Recently, several researchers have studied the anti-inflammatory effect of phenolic compounds such as phenolic acids and flavonoids [9, 20, 33]. Gatis-Carrazzoni et al. [20] have tested the anti-inflammatory activity of Miconia minutiflora methanolic extract (rich in ellagic acid and gallotannin) using an inflammatory model induced by carrageenan and acetic acid-induced vascular permeability. They revealed that this extract reduced carrageenan-induced paw edema, vascular permeability and inhibited leukocyte migration toward the air pouch and pleural cavity. Moreover, it decreased the level of tumor necrosis factor-α (TNF-α) and interleukin-1β (IL-1β) [20].
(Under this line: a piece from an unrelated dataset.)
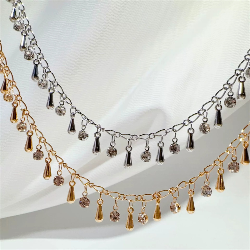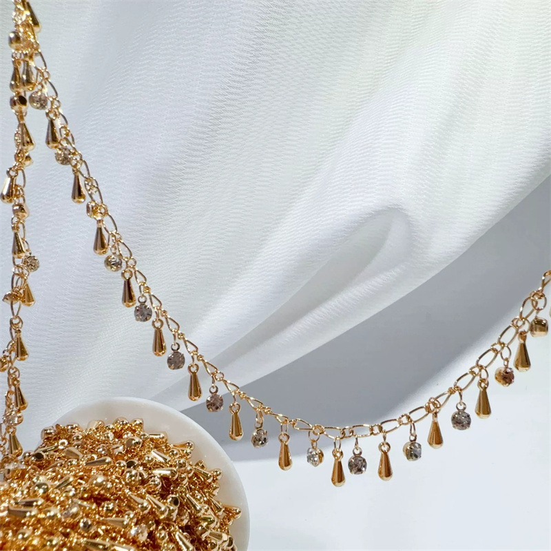 diy手工链子 古风发饰水滴锆石钻链 高保色异域服饰额链饰品配件

The methanol and ethanol extracts of Mahonia aquifolium (Chlorogenic acid) have reduced inflammatory process by the inhibition of cytokines and chemokines mediated inflammation pathways such as NO, TOS, and TNF-α [33]. Moreover, the study carried out by Harikrishnan et al. [9] on the anti-inflammatory effects of Phyllanthus amarus ethanolic extract (rich in phenolic compounds) revealed that this extract suppresses inflammatory processes by several mechanisms. Indeed, it inhibited the pro-inflammatory mediators (TNF-α, IL-1β, PGE2) and COX-2 protein expression in macrophages. It also downregulated the mRNA transcription of pro-inflammatory markers (TNF-α, IL-1β, and COX-2) in respective LPS-induced U937 macrophages. Moreover, this extract induced also a downregulation in the expression of upstream signaling molecules such as TLR4 and MyD88, which play a major role in the activation of NF-κB, MAPK and PI3K-Akt signaling pathways [9].
On the other hand, some plant extracts are able to inhibit allergies suggesting that these plants are powerful inhibitors of hypersensitivity. This is the case, for example, Haussknechtia elymatica methanolic extract, which inhibited the IgE antibody response thus delaying hypersensitivity [41].
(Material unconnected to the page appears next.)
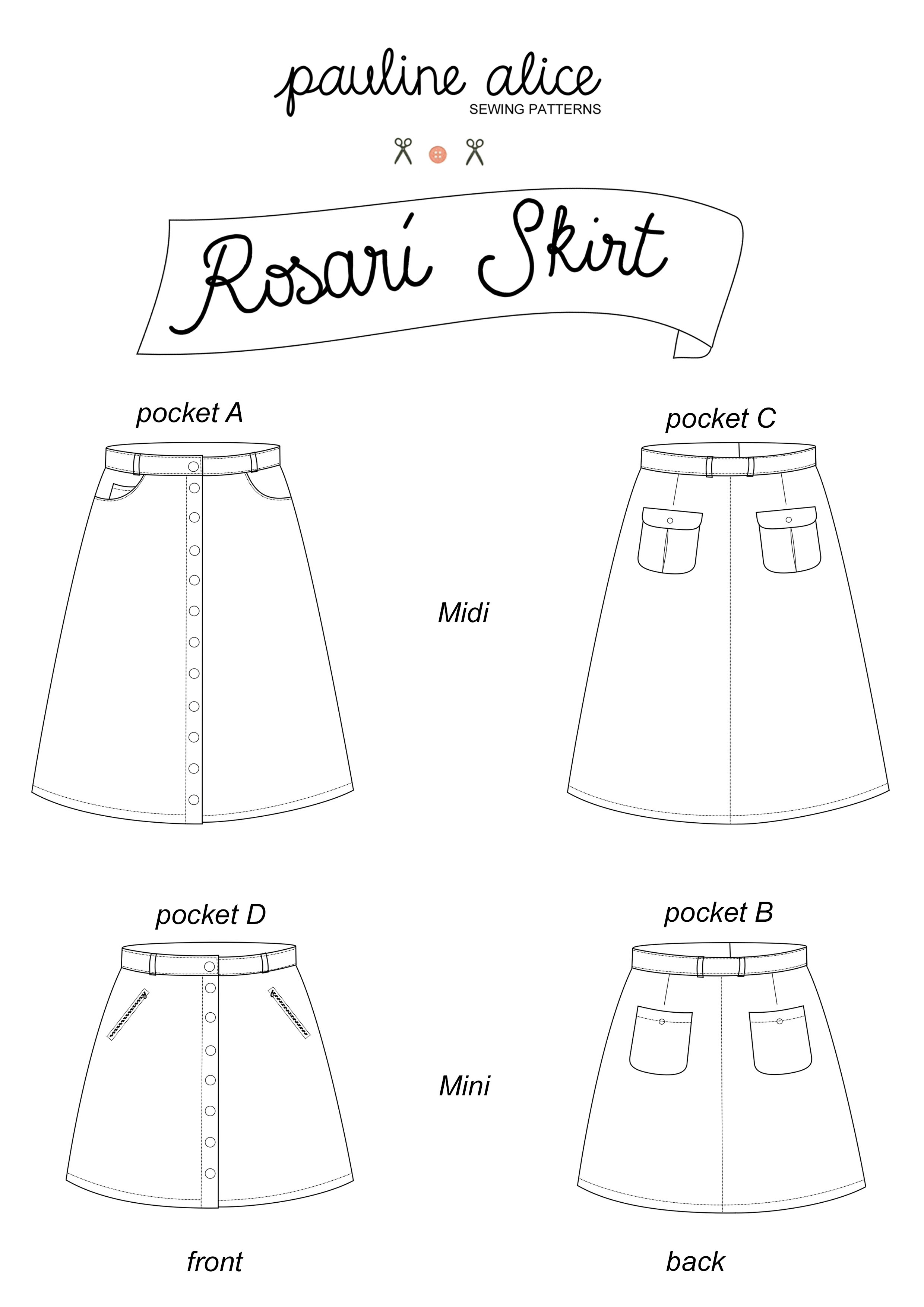 Cela fait des mois que le patron de la jupe Rosari de Pauline Alice trône dans mon petit atelier couture, et je me suis enfin décidée pour coudre ma première version (qui ne sera pas la dernière c’est certain) dans une jolie suédine noire de chez Mondial Tissus. Le patron de cette jupe est une fois de plus très bien coupé et possède près de 4 versions de poches avant et 2 longueurs.

The immune system plays a crucial role in the maintenance of body homeostasis. Indeed, our immune system has the capacity to fight against various external agents such as viruses and microbes. When this system becomes weak or dysfunctional, infections can survive this genesis of serious pathologies. One of the strategies for potentiating the immune system is the use of molecules that can modulate the different pathways of immune responses. Indeed, several recent studies have suggested the importance of immuno-modulation as an essential approach to strengthen the action of the immune system [52, 53].
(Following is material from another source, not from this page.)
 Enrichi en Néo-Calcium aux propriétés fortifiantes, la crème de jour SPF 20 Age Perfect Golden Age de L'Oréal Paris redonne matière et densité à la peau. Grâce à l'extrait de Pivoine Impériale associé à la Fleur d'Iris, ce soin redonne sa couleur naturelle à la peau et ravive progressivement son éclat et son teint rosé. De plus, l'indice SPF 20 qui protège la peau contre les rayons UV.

In this context, natural products derived from different sources have now shown several different pharmacological properties including immunomodulatory effects [10, 54-57]. Indeed, extracts and /or bioactive compounds from medicinal plants have shown enormous biological properties, especially immunomodulatory activities, that are beginning to attract new interest today. The immunomodulatory activity is certainly related to the plant studied, the chemical composition of the tested extracts and the used experimental methods.
In Table 2, we presented a series of medicinal plants studied for their immunomodulatory properties. The plants tested belong to several botanical families such as Codiaceae, Rubiaceae, Araceae, Rutaceae, Fumariaceae, Zingiberaceae, Aspiadaceae, Asteraceae, Gentinaceae, Euphorbiaceae, Rutaceae, Polygonaceae, Fabaceae, Apoideae, Malvaceae, Elagnaceae. The extracts tested are often prepared with aerial parts using several organic solvents (Table 2). To measure the immunomodulatory activity, the tests are based essentially on the expression of inflammatory cytokines. Depending on the used method and the extract tested, the results are variable.